### Task to carry out:
Give back exactly the lines of the entries below from the line with "江西思政:万象城平台与江西日报传媒集团共建罗渡村乡村振兴示范基地" to the line with "La caja seca", inclusive, and only those.

Stored dataset items

--- START ---

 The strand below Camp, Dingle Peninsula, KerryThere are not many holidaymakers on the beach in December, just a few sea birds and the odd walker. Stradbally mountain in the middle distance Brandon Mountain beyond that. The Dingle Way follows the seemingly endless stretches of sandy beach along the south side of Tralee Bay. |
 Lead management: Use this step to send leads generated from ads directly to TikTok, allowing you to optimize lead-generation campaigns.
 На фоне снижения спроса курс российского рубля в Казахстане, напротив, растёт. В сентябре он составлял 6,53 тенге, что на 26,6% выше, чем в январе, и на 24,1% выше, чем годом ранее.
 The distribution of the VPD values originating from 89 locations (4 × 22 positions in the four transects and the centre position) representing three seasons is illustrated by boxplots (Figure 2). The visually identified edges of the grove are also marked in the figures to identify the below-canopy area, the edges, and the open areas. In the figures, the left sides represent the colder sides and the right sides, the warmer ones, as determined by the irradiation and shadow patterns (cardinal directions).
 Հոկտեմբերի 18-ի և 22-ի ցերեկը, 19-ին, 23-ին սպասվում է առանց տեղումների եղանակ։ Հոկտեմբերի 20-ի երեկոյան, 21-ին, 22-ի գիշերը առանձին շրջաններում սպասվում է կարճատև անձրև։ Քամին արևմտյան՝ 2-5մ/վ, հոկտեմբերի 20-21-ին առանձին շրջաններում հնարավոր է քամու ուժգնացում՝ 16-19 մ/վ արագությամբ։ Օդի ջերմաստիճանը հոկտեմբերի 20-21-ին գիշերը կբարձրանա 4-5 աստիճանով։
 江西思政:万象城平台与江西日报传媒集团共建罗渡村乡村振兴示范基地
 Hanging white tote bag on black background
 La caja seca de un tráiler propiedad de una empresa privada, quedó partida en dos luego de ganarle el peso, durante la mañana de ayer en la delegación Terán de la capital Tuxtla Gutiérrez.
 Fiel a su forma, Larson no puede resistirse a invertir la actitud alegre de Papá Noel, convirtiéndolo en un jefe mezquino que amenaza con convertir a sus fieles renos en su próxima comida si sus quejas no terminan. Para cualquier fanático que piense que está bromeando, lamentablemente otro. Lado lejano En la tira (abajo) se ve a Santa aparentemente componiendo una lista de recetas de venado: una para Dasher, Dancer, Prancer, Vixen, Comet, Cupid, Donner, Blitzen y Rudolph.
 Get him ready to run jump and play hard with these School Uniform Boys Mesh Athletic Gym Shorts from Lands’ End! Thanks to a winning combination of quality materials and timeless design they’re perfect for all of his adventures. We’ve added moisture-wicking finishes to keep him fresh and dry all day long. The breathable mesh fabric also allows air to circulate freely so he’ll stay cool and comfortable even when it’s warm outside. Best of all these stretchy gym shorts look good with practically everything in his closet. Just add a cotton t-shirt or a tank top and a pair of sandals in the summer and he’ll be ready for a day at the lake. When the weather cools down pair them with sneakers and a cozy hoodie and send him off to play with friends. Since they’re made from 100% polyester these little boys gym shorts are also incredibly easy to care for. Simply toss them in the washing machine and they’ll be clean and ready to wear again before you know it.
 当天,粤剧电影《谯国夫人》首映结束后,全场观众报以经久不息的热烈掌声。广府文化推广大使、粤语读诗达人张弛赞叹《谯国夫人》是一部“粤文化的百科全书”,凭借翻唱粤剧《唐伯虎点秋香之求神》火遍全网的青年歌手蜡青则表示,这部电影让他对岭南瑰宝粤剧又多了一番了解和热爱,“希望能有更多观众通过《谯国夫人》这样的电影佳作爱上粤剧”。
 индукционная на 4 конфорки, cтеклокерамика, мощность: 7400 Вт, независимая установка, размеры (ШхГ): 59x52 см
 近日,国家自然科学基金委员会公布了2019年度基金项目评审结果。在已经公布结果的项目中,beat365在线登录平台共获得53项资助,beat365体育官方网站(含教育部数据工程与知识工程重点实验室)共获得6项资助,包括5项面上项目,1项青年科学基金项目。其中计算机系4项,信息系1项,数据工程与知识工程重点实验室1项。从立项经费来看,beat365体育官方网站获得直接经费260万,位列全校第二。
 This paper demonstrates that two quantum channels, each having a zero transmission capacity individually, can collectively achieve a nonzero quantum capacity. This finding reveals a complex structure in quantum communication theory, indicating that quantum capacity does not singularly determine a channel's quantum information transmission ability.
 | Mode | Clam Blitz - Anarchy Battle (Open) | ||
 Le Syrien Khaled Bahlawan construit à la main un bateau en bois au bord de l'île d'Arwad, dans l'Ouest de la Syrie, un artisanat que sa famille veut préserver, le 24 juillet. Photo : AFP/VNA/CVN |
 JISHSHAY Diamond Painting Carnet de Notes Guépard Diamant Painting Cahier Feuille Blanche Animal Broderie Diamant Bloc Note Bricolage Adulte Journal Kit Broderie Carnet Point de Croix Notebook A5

--- END ---

### Response to this exercise:
 江西思政:万象城平台与江西日报传媒集团共建罗渡村乡村振兴示范基地
 Hanging white tote bag on black background
 La caja seca de un tráiler propiedad de una empresa privada, quedó partida en dos luego de ganarle el peso, durante la mañana de ayer en la delegación Terán de la capital Tuxtla Gutiérrez.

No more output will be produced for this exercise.